- Born: 1 March 2009 (age 17) Alexandria, Egypt

Gymnastics career
- Discipline: Rhythmic gymnastics
- Country represented: Egypt (2022-)
- Medal record
Rhythmic Gymnastics
Representing Egypt
African Championships
| Gold medal – first place | 2022 Cairo | Team |
| Gold medal – first place | 2022 Cairo | All-Around |
| Gold medal – first place | 2022 Cairo | Hoop |
| Gold medal – first place | 2022 Cairo | Clubs |
| Gold medal – first place | 2022 Cairo | Ribbon |
| Gold medal – first place | 2024 Kigali | Team |
| Gold medal – first place | 2024 Kigali | All-Around |
| Gold medal – first place | 2024 Kigali | Hoop |
| Gold medal – first place | 2024 Kigali | Ball |
| Gold medal – first place | 2024 Kigali | Clubs |
| Gold medal – first place | 2025 Cairo | Hoop |
| Gold medal – first place | 2025 Cairo | Ball |
| Gold medal – first place | 2025 Cairo | Clubs |
| Gold medal – first place | 2025 Cairo | Ribbons |
| Silver medal – second place | 2022 Cairo | Ball |
| Silver medal – second place | 2024 Kigali | Ribbon |
| Silver medal – second place | 2025 Cairo | All-Around |

= Alia Ahmed =

Egyptian rhythmic gymnast (born 2009)

Alia Ahmed (born 1 March 2009) is an Egyptian rhythmic gymnast. She's a multiple medalist at the African Championships.

== Career ==
The daughter of Noha Abu Shabana, president of the International technical committee of the FIG for rhythmic gymnastics since 2021, Alia took up gymnastics at a young age.

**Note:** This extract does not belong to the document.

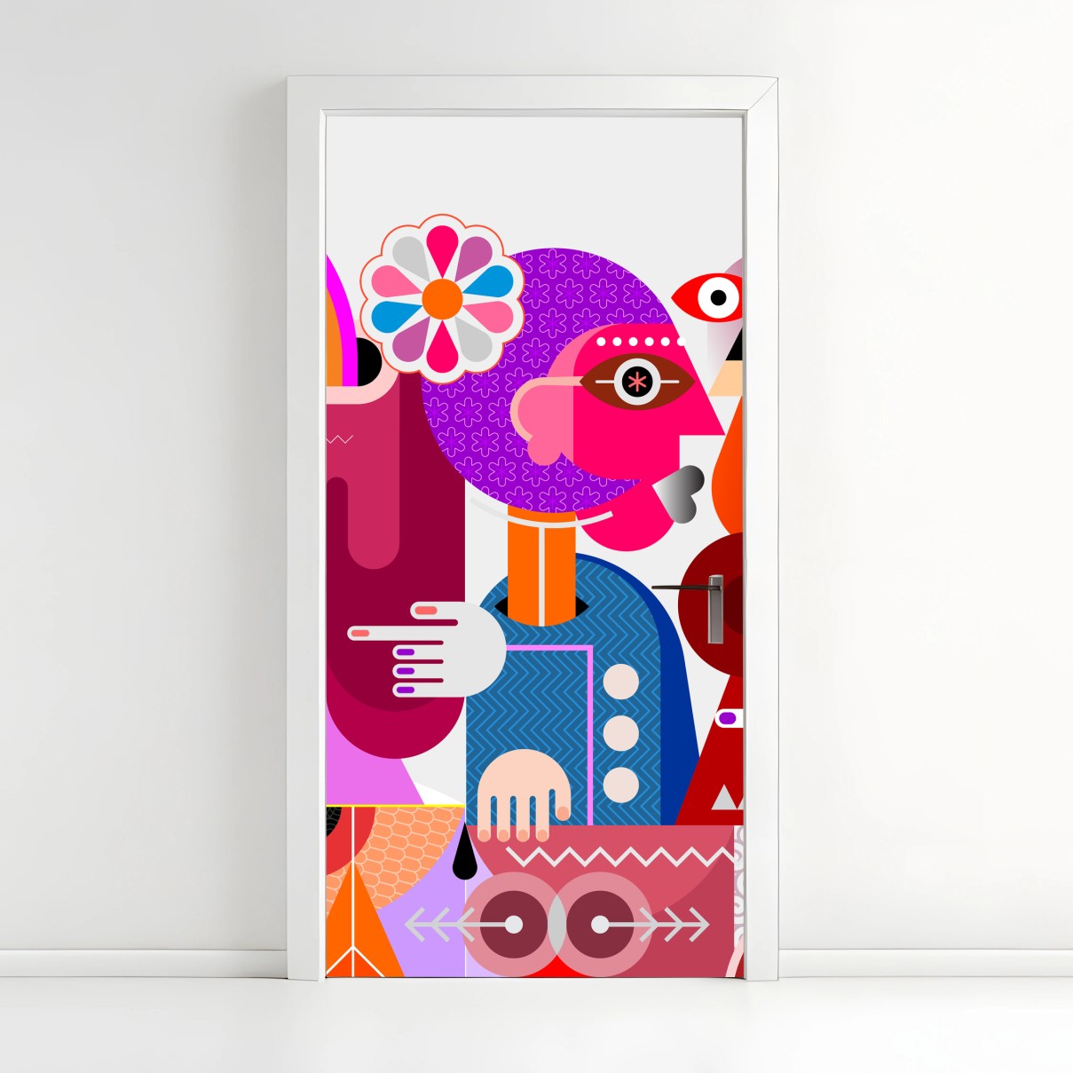 Türaufkleber Mann mit regenbogen reitet geometrischen vogel

In 2022 she competed in her first African Championships, where she won gold in teams, the All-Around, hoop, clubs and ribbon as well as silver with ball.

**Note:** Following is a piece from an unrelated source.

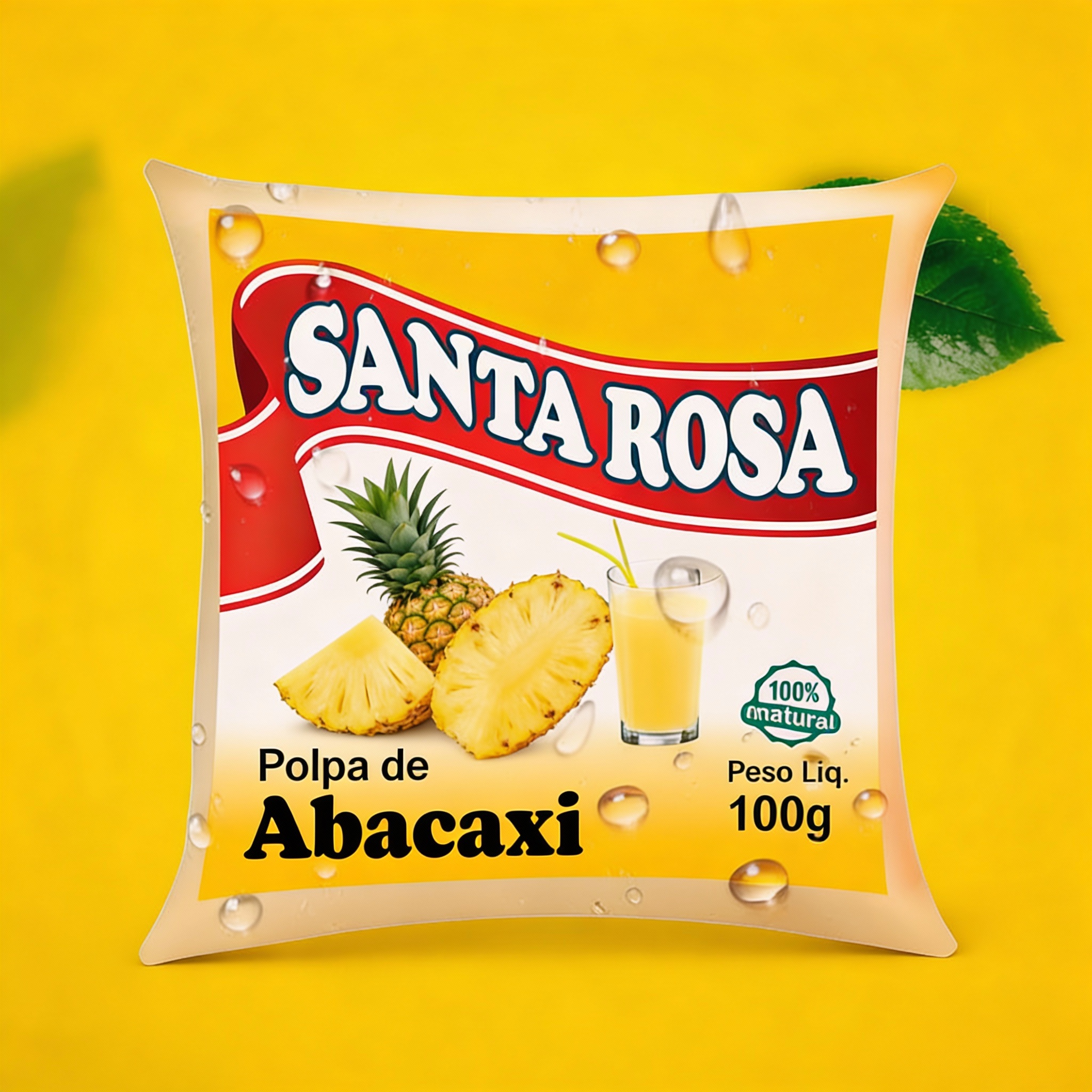 Polpa de abacaxi com sabor equilibrado entre doce e ácido, ideal para sucos e receitas. Pacote com 20 unidades de 100g, valor unitário de R$ 0,85.

Selected to represent Egypt at the junior Mediterranean Championships she won All-Around gold, silver with hoop, ball and clubs and bronze with ribbon. At the Junior World Championships she competed with ball and clubs, being 17th and 12th respectively, the Egyptian team was 16th.

In 2024 she took part in the international tournament in Sofia where she took 4th place in the ribbon final. A the African Championships she took gold in teams, the All-Around, with hoop, ball and clubs and silver with ribbon.